Experiment: The act of observing. The deliberate provocation of fate.
Bernoulli trial: The simplest test. A binary choice, a stark dichotomy.
Probability distribution: The map of likelihood. Where the probabilities cluster.
Bernoulli distribution: The heartbeat of the binary. A single trial’s fate.
Binomial distribution: The sum of many trials. The cumulative weight of repeated chances.
Exponential distribution: The waiting game. How long until the next event?
Normal distribution: The bell curve. The predictable peak of the seemingly unpredictable.
Pareto distribution: The 80/20 rule. The few that dominate the many.
Poisson distribution: The rare occurrences. Events scattered in time or space.
Probability measure: The assigned weight. The value we give to chance.
Random variable: The placeholder. The unknown value waiting to be revealed.
Bernoulli process: The relentless march of binary trials. A sequence of yes/no, heads/tails, life/death.
Continuous or discrete: The nature of the outcome. Smooth or distinct.
Expected value: The average outcome. What we anticipate, on average.
Variance: The spread. How much the outcomes deviate from the average.
Markov chain: The memoryless journey. The next step depends only on the present.
Observed value: The actual result. The concrete manifestation of chance.
Random walk: The aimless wanderer. A series of steps, each taken at random.
Stochastic process: The unfolding of randomness over time. A narrative written by chance.

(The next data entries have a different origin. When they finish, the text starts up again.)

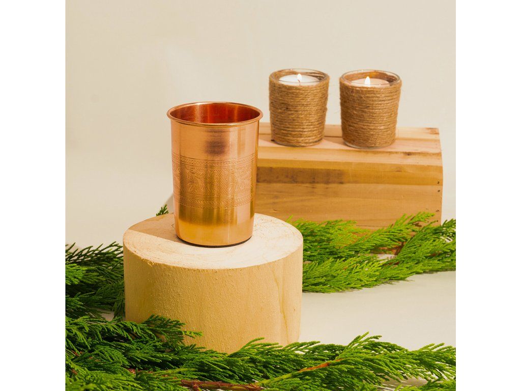 Čistý měděný hrnek s květinovým vzorem na okraji – 300 ml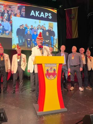 Eine ganz besondere Ehrung wurde anschließend einer Gruppe hochverdienter Karnevalisten zuteil: Die AKAPS wurden für ihr Lebenswerk mit dem neu geschaffenen Verdienstorden der Grafschaftler in Gold ausgezeichnet. In seiner Laudatio würdigte Gerd Muhle das jahrzehntelange, kreative und unermüdliche Wirken dieser außergewöhnlichen Truppe im Rietberger Karneval.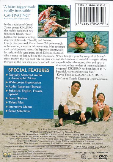 It's summer and nine-year-old Masao has no one to play with. With soccer practice suspended and his friends away at the beach, living alone with his grandmother seems even less fun. By chance, Masao discovers the address and photo of the mother he has never met. But with little money and even less sense of direction, he needs help. A friend of his grandmother volunteers her husband, Kikujiro, to accompany the boy on his quest. Kikujiro hardly seems an ideal companion for anyone, let alone for a boy as sensitive as the sullen Masao. Brash, loud-mouthed and always on the lookout for easy money, the irresponsible Kikujiro doesn't even appear to be overly fond of children. The first stop for the unlikely pair is to the cycle races, where Kikujiro gambles away the boy's travel money. In order to continue their journey, the two are forced to hitch rides, which they do with varying degrees of success. Ultimately, the two of them end up at a destination that neither of them could have imagined.

And the relationships between them:

Complementary event: What didn't happen. The shadow of what did.
Joint probability: The likelihood of multiple events occurring together.
Marginal probability: The probability of one event, irrespective of others.
Conditional probability: The chance of something happening given something else has already occurred. A whispered secret.

The intricate dance of chance:

Independence: Events that don’t influence each other. Separate, solitary destinies.
Conditional independence: Independence that hinges on a third factor. A complex entanglement.
Law of total probability: Summing up all the ways something can happen. A comprehensive accounting.
Law of large numbers: The eventual convergence of chance to its predictable average. Time smooths the rough edges.
Bayes' theorem: Updating beliefs based on new evidence. The constant revision of truth.
Boole's inequality: An upper bound on the probability of unions. A limit on collective possibility.

The visual aids:

Venn diagram: Circles overlapping, illustrating relationships. A visual argument for logic.
Tree diagram: Branches extending, showing the paths of chance. A map of possibilities.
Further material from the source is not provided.